I don't think I will ever quite make peace with my blog being dead. In my mind, it could, at any moment, rise again. I don't think it will. When I blogged before, I was fairly certain I was just shouting into a benign void, with the exception of 10 or 12 people who read this blog with kind feelings in their heart. Now, the void feels less benign. The internet of 2001 felt friendlier. A wild frontier of naive electronic homesteaders, armed only with their wits and a copy of "HTML for Dummies".
Sometimes, I like to flip through it and look at who commented. Many or maybe a few of those people I don't speak to anymore. Not due to any formal shunning. Just at some point, they stopped communicating with me. We stopped communicating with each other? In my mind, it's definitely all their fault. Even though I am the one who keeps getting up and moving thousands of kilometres away.
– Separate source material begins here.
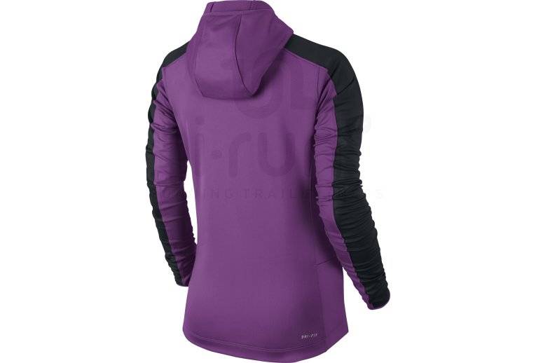 Pour lutter contre le froid lors de vos entraînements de running, optez pour le maillot manches longues Nike Thermal Hoody pourpre et noir pour femme (Collection Automne/Hiver).

Is this just a by-product of having a life that is more than 20 years long? People enter it, then leave it and you have to accept it. It occurs to me that there are sensible reasons why I might struggle with that.
Actually, *this* is why I don't blog anymore. When I write, I get a bit too philosophical and maudlin. I used to be able to spin an interesting blog post out of a trip to East Side Mario's. Where did that person go?
Personally, I blame Switzerland's complete dearth of reasonably priced fast-casual sit-down restaurant chains.